In its tax appeal, the plaintiff renewed the claims it raised before the board. The plaintiff introduced testimony from an appraiser, P. Barton DeLacy, to challenge the defendant's $13,300,100 fair market valuation of the real property at 29 Flagg Hill Road, which included the turbines. DeLacy prepared a 2015 appraisal report using the cost7 and income8 approaches and treating the wind turbines and associated equipment as personal property. He ultimately determined that the fair market value of the plaintiff's properties as a whole, both real and personal property at 17 and 29 Flagg Hill Road, was $9,850,500.9

The trial court subsequently issued a memorandum of decision, first concluding that the defendant properly classified the wind turbines as real property for purposes of taxation under § 12-64 (a) because they were "structures" or "buildings" within the contemplation of that statute. Although the trial court did not provide an additional analysis regarding the turbines’ associated equipment, it further concluded that the associated equipment was also real property. Given these conclusions, the trial court further determined that the plaintiff failed to establish (1) its allegation of overvaluation and overassessment because the appraisal submitted by DeLacy treated the wind turbines and associated equipment as personal property, (2) that there was a double assessment and double taxation of the plaintiff's declared personal property, and (3) that the assessment of property was manifestly excessive, as Sloane properly used the methods of valuation outlined in General Statutes § 12-62 (b) (2).10 The trial court did, however, conclude that the plaintiff established that the defendant's imposition of a 25 percent late filing penalty was improper. Accordingly, the trial court rendered judgment in favor of the plaintiff on the illegality of the penalty and in favor of the defendant in all other respects. This appeal followed.

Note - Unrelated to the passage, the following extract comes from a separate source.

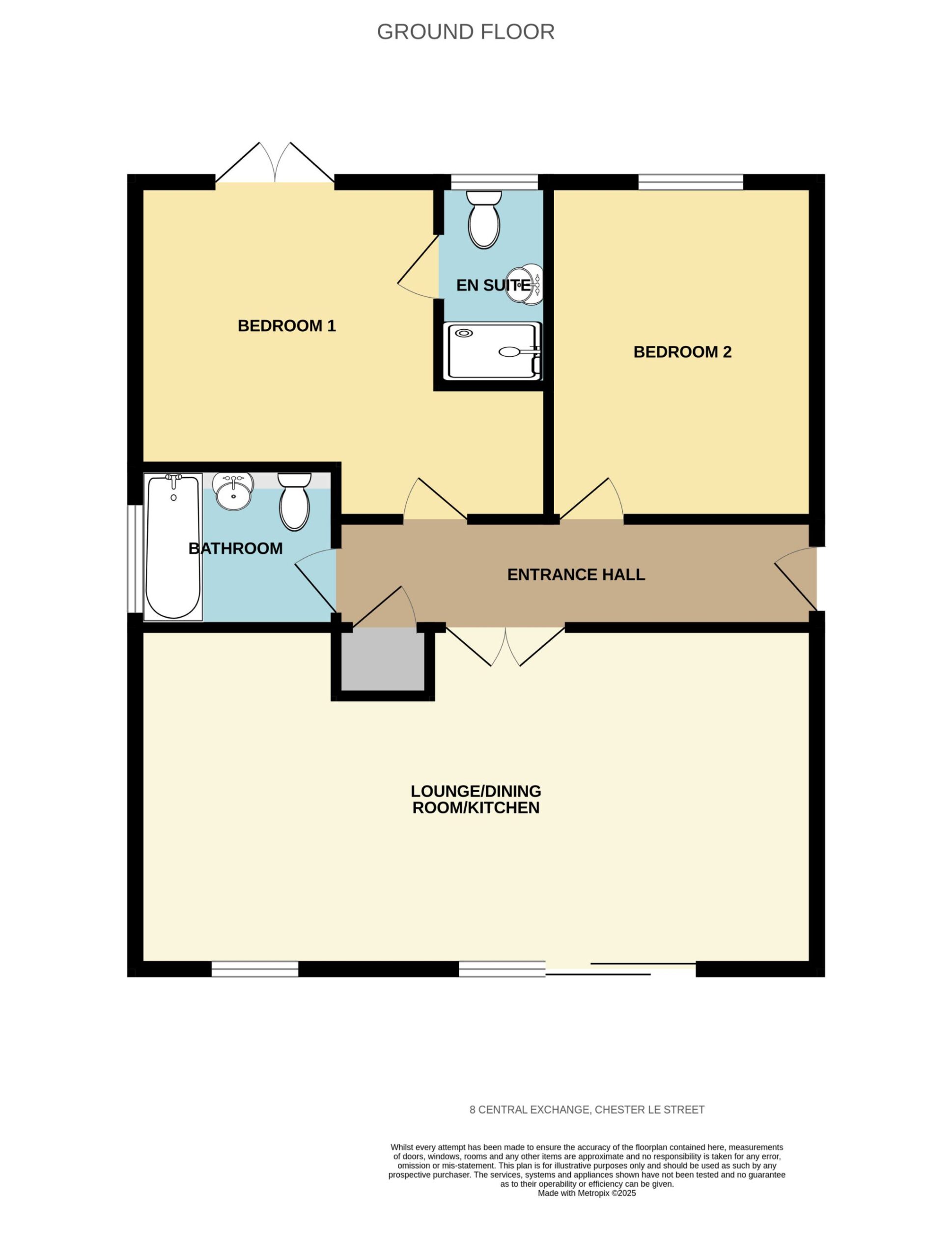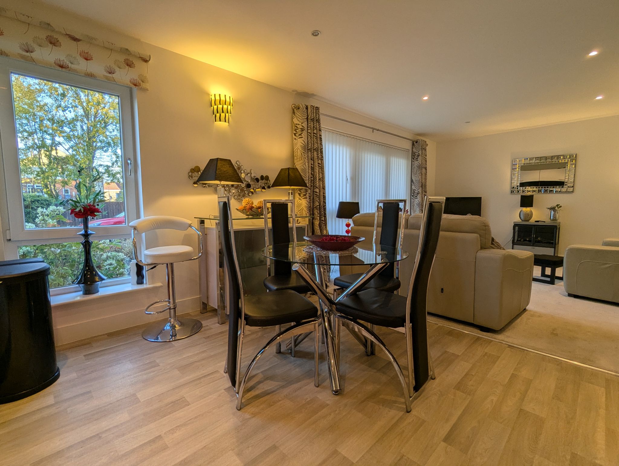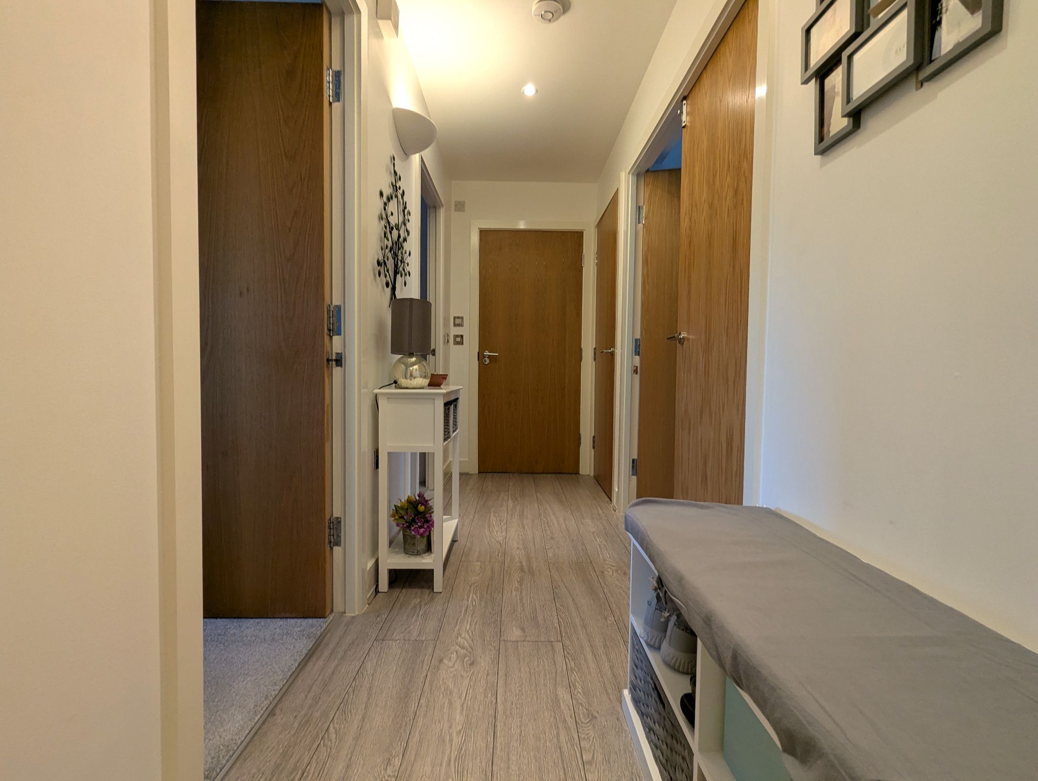 Enter the complex via a secure entrance into a communal hall with access to the apartment to the left. Enter via the hardwood door into a hallway with laminate flooring, offering access to an open plan lounge/diner via double doors, 2 double bedrooms, a bathroom and built-in cupboard. Wall mounted electric heater.

On appeal, the plaintiff claims that the trial court incorrectly concluded that (1) the wind turbines and associated equipment are taxable as real property pursuant to § 12-64 (a), (2) the plaintiff failed to establish that the defendant's assessor overvalued and overassessed the property, and (3) the plaintiff failed to establish that there was a double assessment and, thus, double taxation of its declared personal property. We address each claim in turn.

I

We begin with the plaintiff's claim that the turbines are personal property rather than real property for purposes of taxation. In Connecticut, the taxation of real property is governed by § 12-64, whereas the taxation of personal property is governed by General Statutes § 12-71,11 which provides that personal property must be listed subject to, among other statutes, § 12-41. See footnotes 1 and 2 of this opinion. The plaintiff argues that the turbines are "machines," which are personal property as defined by § 12-41 (c), insofar as they are comprised of the various components expressly identified in that statute, such as cables, wires, and poles. The plaintiff also argues that the turbines do not have any of the defining characteristics of the "structures"...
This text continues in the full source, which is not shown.